Load libraries
library(dplyr)
##
## Attaching package: 'dplyr'
## The following objects are masked from 'package:stats':
##
## filter, lag
## The following objects are masked from 'package:base':
##
## intersect, setdiff, setequal, union
library(tidyr)
library(xml2)
## Warning: package 'xml2' was built under R version 4.3.3
library(rjson)
library(XML)
## Warning: package 'XML' was built under R version 4.3.2
library(DT)
## Warning: package 'DT' was built under R version 4.3.3
library(rvest)
## Warning: package 'rvest' was built under R version 4.3.3
library(tibble)
library(jsonlite)
##
## Attaching package: 'jsonlite'
## The following objects are masked from 'package:rjson':
##
## fromJSON, toJSON
book_info_html <- read_html("https://raw.githubusercontent.com/topkelama/lfsStorage/main/info_books.html")
Convert to dataframe
tables1 <- html_table(book_info_html)
book_df_html <- data.frame(tables1[[1]], stringsAsFactors = FALSE)
book_df_html
## Title Authors Pages Release.Year Price
## 1 Cloud Essentials+ Study Guide Quentin Docter 368 2020 35.56
## 2 Cloud Essentials+ Study Guide Cory Fuchs 368 2020 35.56
## 3 Data Science Using Python and R Chantal D. Larose 247 2019 90.15
## 4 Data Science Using Python and R Daniel T. Larose 247 2019 90.15
## 5 Kubernetes Up and Running Brendan Burns 277 2019 47.82
## 6 Kubernetes Up and Running Joe Beda 277 2019 47.82
## 7 Kubernetes Up and Running Kelsey Hightower 277 2019 47.82
## ISBN
## 1 978-1-119-64222-0
## 2 978-1-119-64222-0
## 3 9781119526834
## 4 9781119526834
## 5 978-1-492-04653-0
## 6 978-1-492-04653-0
## 7 978-1-492-04653-0
book_info_xml <- read_xml("https://raw.githubusercontent.com/topkelama/lfsStorage/main/info_books.xml")
convert to dataframe
bookInfo_parse <- xmlParse(book_info_xml)
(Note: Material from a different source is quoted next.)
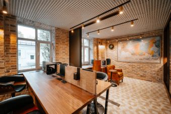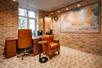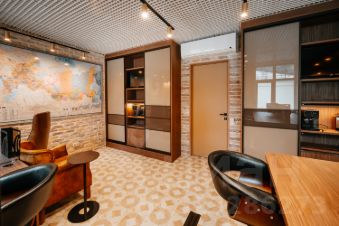 - зона отдыха в зоне руководства: кресло из натуральной кожи буйвола и кофейный столик для принятия напитков

book_xml_df <- xmlToDataFrame(bookInfo_parse, stringsAsFactors = FALSE)
book_xml_df
## Title Authors Pages
## 1 Cloud Essentials+ Study Guide Quentin DocterCory Fuchs 368
## 2 Data Science Using Python and R Chantal D. LaroseDaniel T.Larose 247
## 3 Kubernetes Up and Running Brendan BurnsJoe BedaKelsey Hightower 277
## Release_Year Price ISBN
## 1 2020 35.56 978-1-119-64222-0
## 2 2019 90.15 9781119526834
## 3 2019 47.82 978-1-492-04653-0
json_file <- "https://raw.githubusercontent.com/topkelama/lfsStorage/main/info_books.json"
download.file(json_file, destfile = "info_books.json", quiet = TRUE)
# Read and parse the JSON file
book_info_json <- fromJSON("info_books.json")
# Expand the Authors list into separate rows
book_info_json <- book_info_json %>%
mutate(Authors = lapply(Authors, toString)) %>%
unnest(Authors)
book_info_json
## # A tibble: 3 × 6
## Title Authors Pages `Release Year` Price ISBN
## <chr> <chr> <int> <int> <dbl> <chr>
## 1 Cloud Essentials+ Study Guide Quentin Doct… 368 2020 35.7 978-…
## 2 Data Science Using Python and R Chantal D. L… 247 2019 90.2 9781…
## 3 Kubernetes Up and Running Brendan Burn… 277 2019 47.8 978-…
File links:- XML File JSON File HTML File
Conclusion:- The JSON file did not have issue with the nested lists such as Author column, where there are multiple authors for a single Title. It automatically, did put in long format. However, with the xml and json, it did put multiple authors in a single row under the Authors column. Three dataframes have similarities but not identical.